● WORK TO BE COMPLETED: Please print, exactly, only the lines in the entries below from the line that has "Jídelní set s" through the line that has "Alphonzo puts up". Pictures don't go in.

● RECORD EXCERPTS:
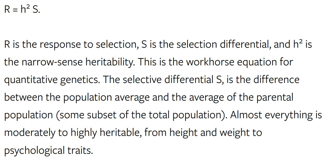 They also claim that culling 1-2% of the population (assuming no reproductive success in the culled) would correspond to a selection differential of 0.027 - 0.049 SD per generation.
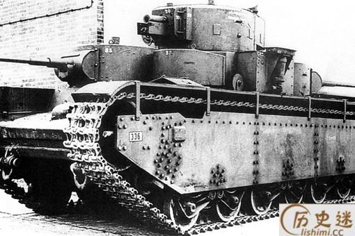 T-35坦克就是在这种设计理念下被制造出来的,这辆坦克共有5个炮塔主炮塔是中央炮塔,在最顶层,装1门16.5倍口径的76毫米榴弹炮(后改为24倍),携弹90发,另有1挺7.62毫米机枪。下面一层有4个炮塔和机枪塔;两个小炮塔位于主炮塔的右前方和左后方,两个机枪塔位于左前方和右后方。这种坦克看似火力十分均衡,前后左右都被照顾到了。
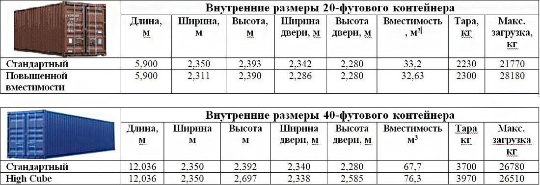 Стандартный 40-ка футовый грузовой морской контейнер имеет следующие внутренние габариты:
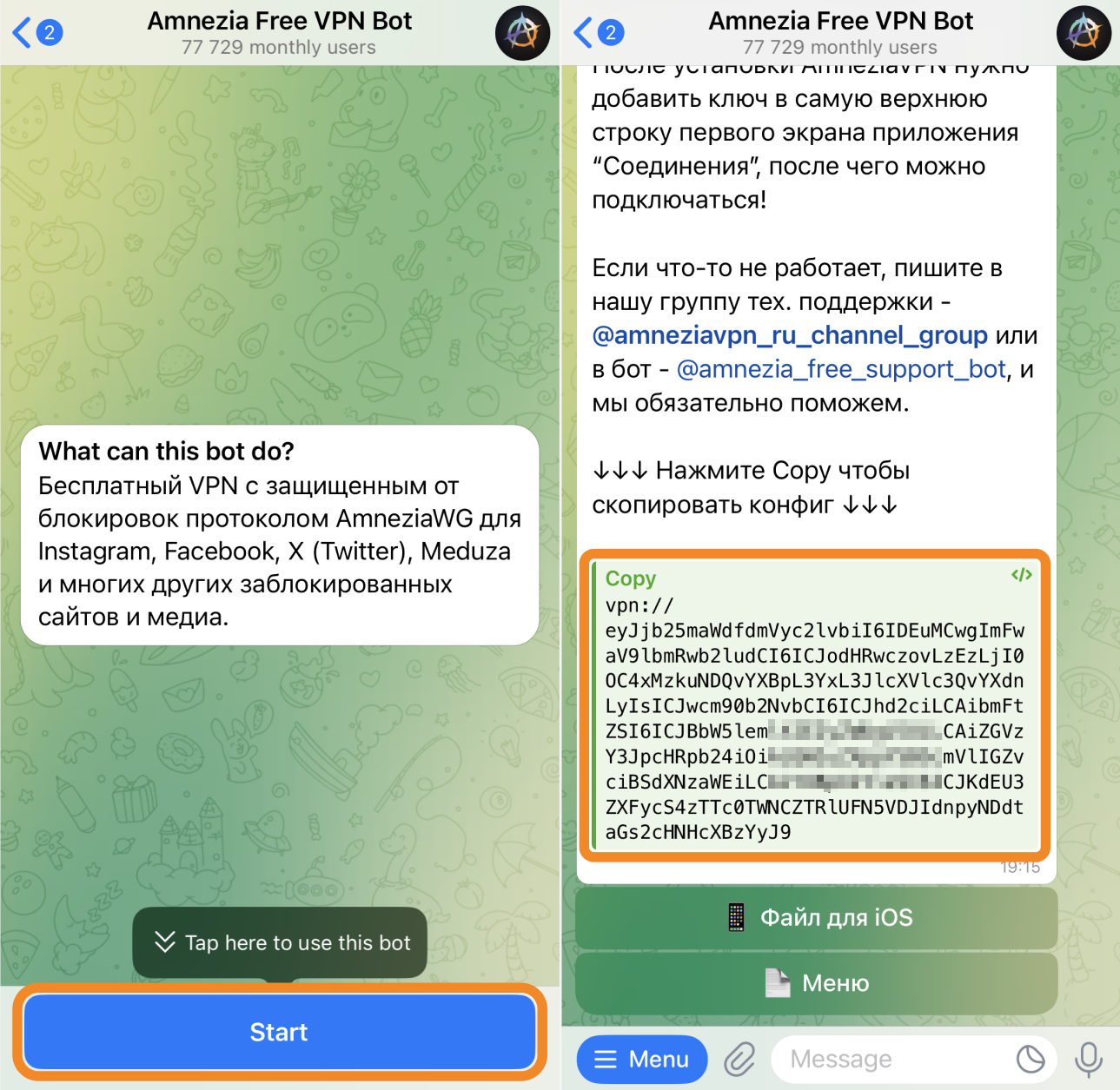 - Нажмите кнопку Start в чате с ботом, в ответ вы получите сообщение с ключом подключения (vpn://...).
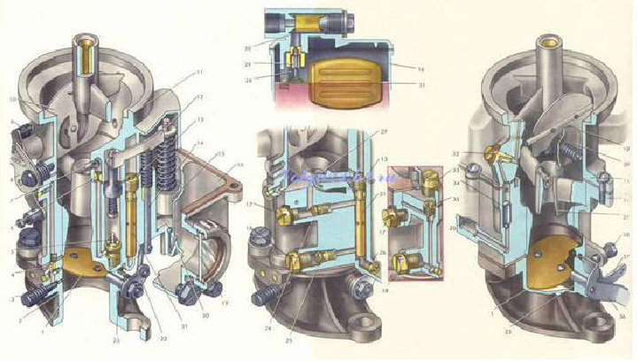 В корпусе поплавковой камеры 16 расположены большой диффузор и малый диффузор 27, главный топливный 26 и главный воздушный 24 жиклеры, эмульсионная трубка 21, топливный 25 и воздушный жиклеры системы холостого хода, клапан 5 системы экономайзера и система ускорительного насоса.
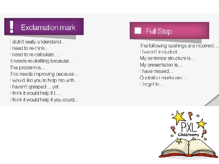 How it works in the classroom • Teacher marks the work in 1 minute using symbols • Students comment on reasons for symbols • Teachers mark the students’ reflective comments • Students can identify their own areas of weakness • Teachers can identify patterns
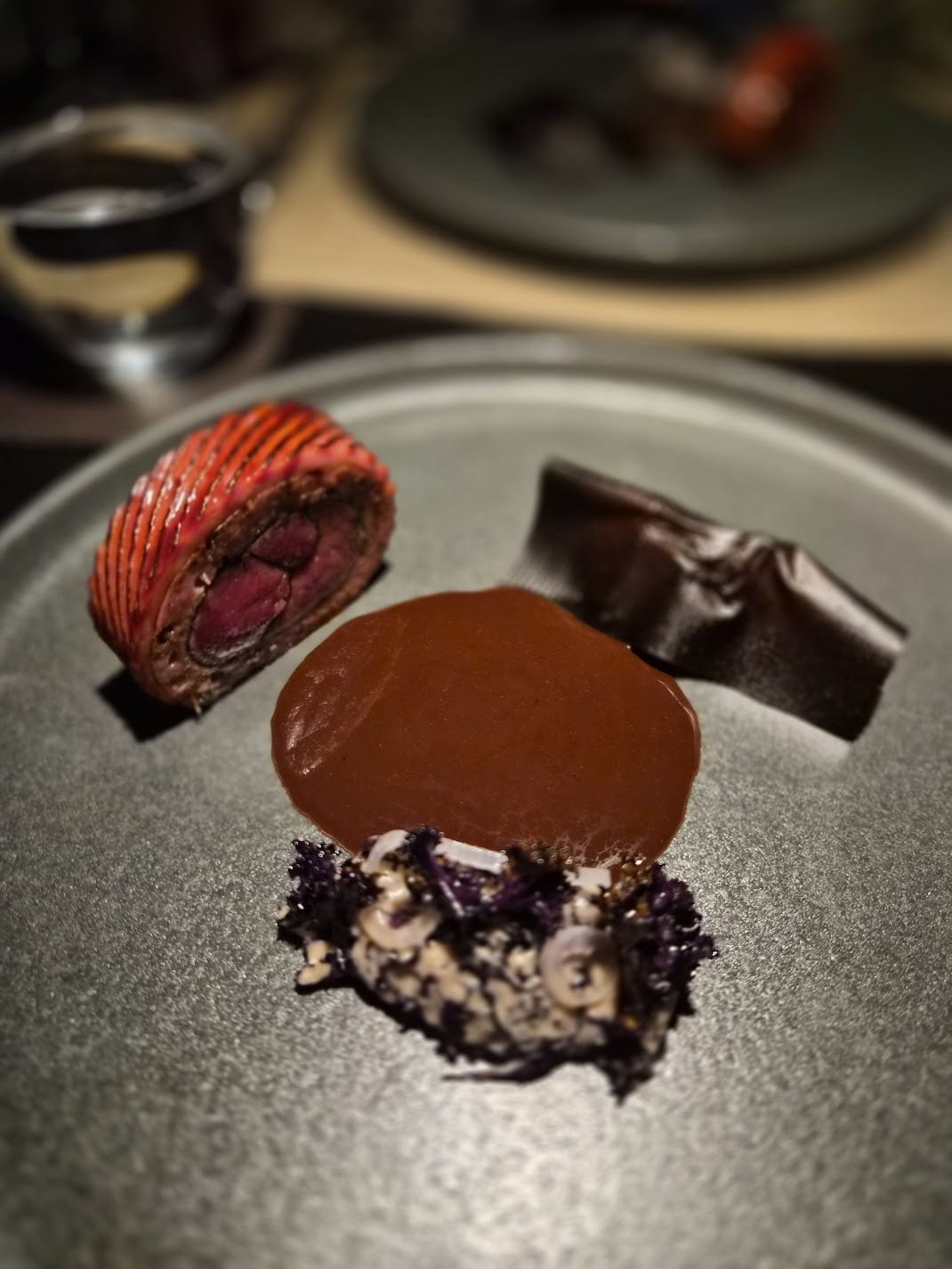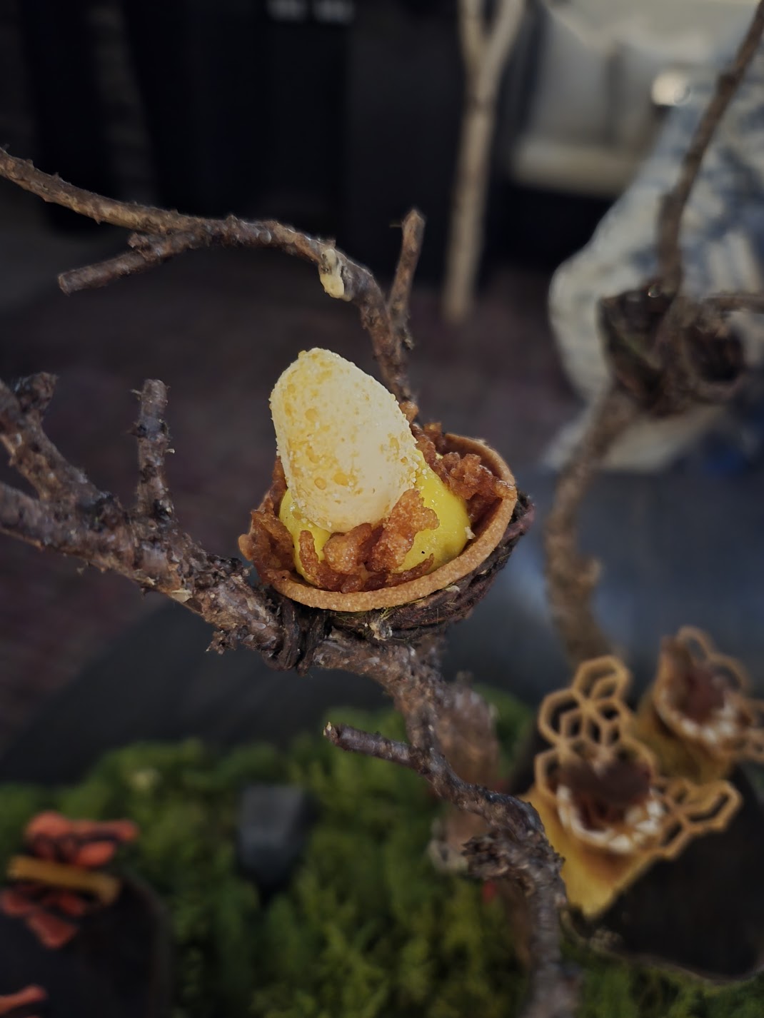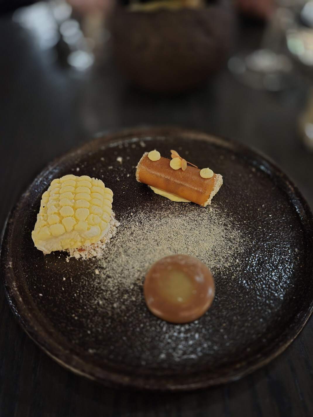 First dessert featured corn. The corn from the cob is actually ice cream, but I don’t recall what the other dessert pieces were, exactly, though all had the flavour of sweet corn. There was also a lovely cornbread.
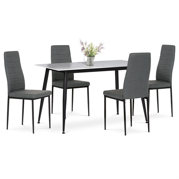 Jídelní set s 4 židlemi, 130x70x76cm, keramika, mramor, ASE-1004 GREY2
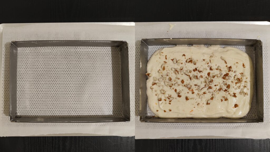 - Placez délicatement la bande de dacquoise par-dessus le crémeux noisette (face amandes hachées collée au crémeux). Appuyez légèrement pour la maintenir en place.
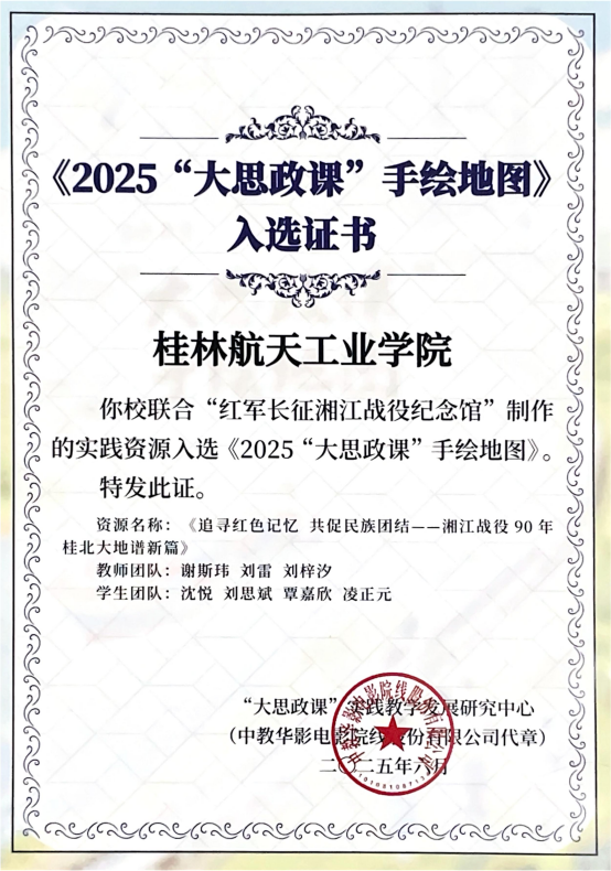 近日,由华体会平台师生联合“红军长征湘江战役纪念馆”共同完成的作品《追寻红色记忆 共促民族团结——湘江战役90年桂北大地谱新篇》成功入选教育部《2025“大思政课”手绘地图》。“大思政课”实践教学发...
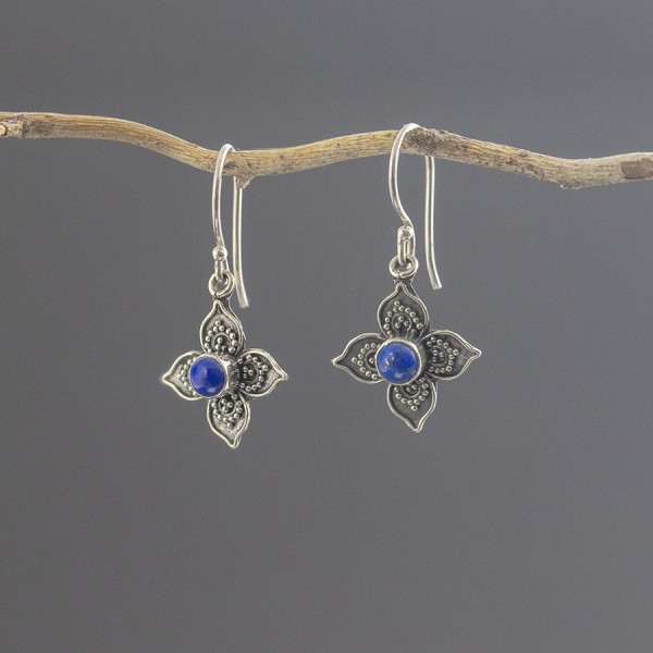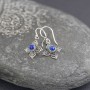 Kolczyki od podstaw wykonane zostały ręcznie ze srebra próby 925 z oprawionymi kamieniami lapisu lazuli. Wielkość kamienia 4 mm. Wielkość tarczy kolczyka 14 mm. Długość całkowita kolczyków 3 cm. Całość zdobień wykonana została ręcznie pracochłonną techniką granulacji. Kolczyki stworzone z myślą o Paniach lubiących drobną biżuterię.
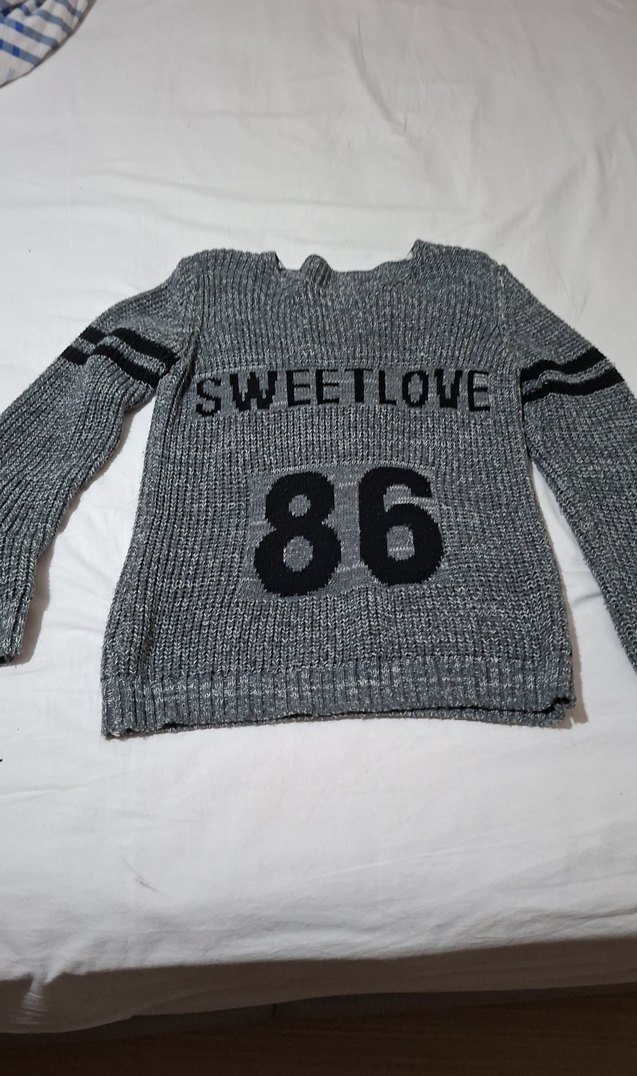 Gri renkli, uzun kollu ve bisiklet yaka örgü kazak. Önünde '86 SWEETLOVE' baskısı bulunur, rahat ve salaş kesimlidir.
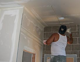 Alphonzo puts up a section of drywall in the kitchen. At right, the twin master bath
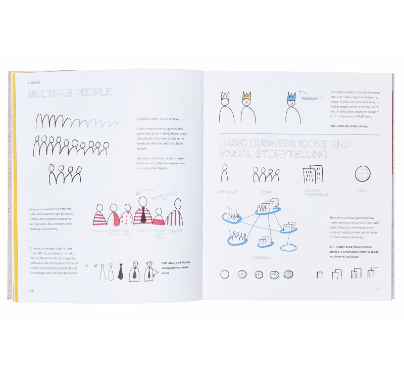 This book provides an informative, easy to follow and fun introduction into the basics of visual thinking and drawing. It is unique by applying these visual thinking and drawing techniques to everyday business settings. By visualizing thought processes within business environments you allow yourself to connect on a deeper level, enable teams them build on each others ideas, foster collaboration and co-creation, accelerate problem solving and advance decision making processes. All of which will result into activating yourself and your colleagues, creating a more energetic workplace, increase the pace innovation, making change happen and ultimately improving customer experience.
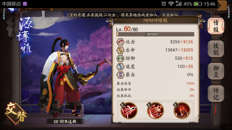 阴阳师手游源博雅满级属性一览:
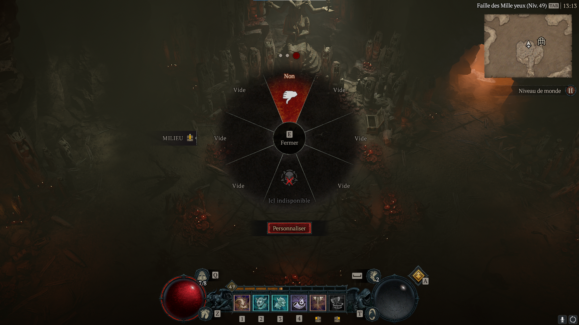 Une fois arrivé au cercle bleu, il vous suffit d’afficher votre roue d’emotes (raccourci « E » par défaut) et de choisir l’émote « Non ». Si cet émote n’est pas dans votre roue,
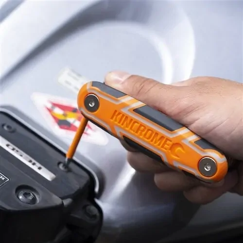 Each hex key is manufactured from Chrome Vanadium Steel (Cr-V) hardened and chrome plated with a powder coat finish for rust protection. This all-in-one unit is complete with handy folding storage for an extra level of organisation and ease of use. The durable folding storage includes moulded grip sections for increased grip and a chrome plated centre plate for increased rigidity and durability, allowing for increased torque.
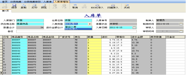 2.產(chǎn)品入庫(kù):可以通過EXCEL模版導(dǎo)入:接收廠家數(shù)據(jù);亦可根據(jù)貨號(hào)手動(dòng)錄入或者掃描槍掃描入庫(kù)。
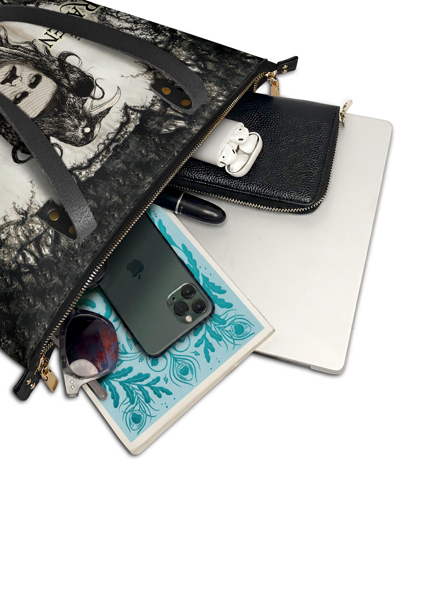 Handcrafted in the United States, this Premium Vegan Leather tote transforms mundane errands into a procession through the House of Usher.

● RESPONSE:
 Jídelní set s 4 židlemi, 130x70x76cm, keramika, mramor, ASE-1004 GREY2
 - Placez délicatement la bande de dacquoise par-dessus le crémeux noisette (face amandes hachées collée au crémeux). Appuyez légèrement pour la maintenir en place.
 近日,由华体会平台师生联合“红军长征湘江战役纪念馆”共同完成的作品《追寻红色记忆 共促民族团结——湘江战役90年桂北大地谱新篇》成功入选教育部《2025“大思政课”手绘地图》。“大思政课”实践教学发...
 Kolczyki od podstaw wykonane zostały ręcznie ze srebra próby 925 z oprawionymi kamieniami lapisu lazuli. Wielkość kamienia 4 mm. Wielkość tarczy kolczyka 14 mm. Długość całkowita kolczyków 3 cm. Całość zdobień wykonana została ręcznie pracochłonną techniką granulacji. Kolczyki stworzone z myślą o Paniach lubiących drobną biżuterię.
 Gri renkli, uzun kollu ve bisiklet yaka örgü kazak. Önünde '86 SWEETLOVE' baskısı bulunur, rahat ve salaş kesimlidir.
 Alphonzo puts up a section of drywall in the kitchen. At right, the twin master bath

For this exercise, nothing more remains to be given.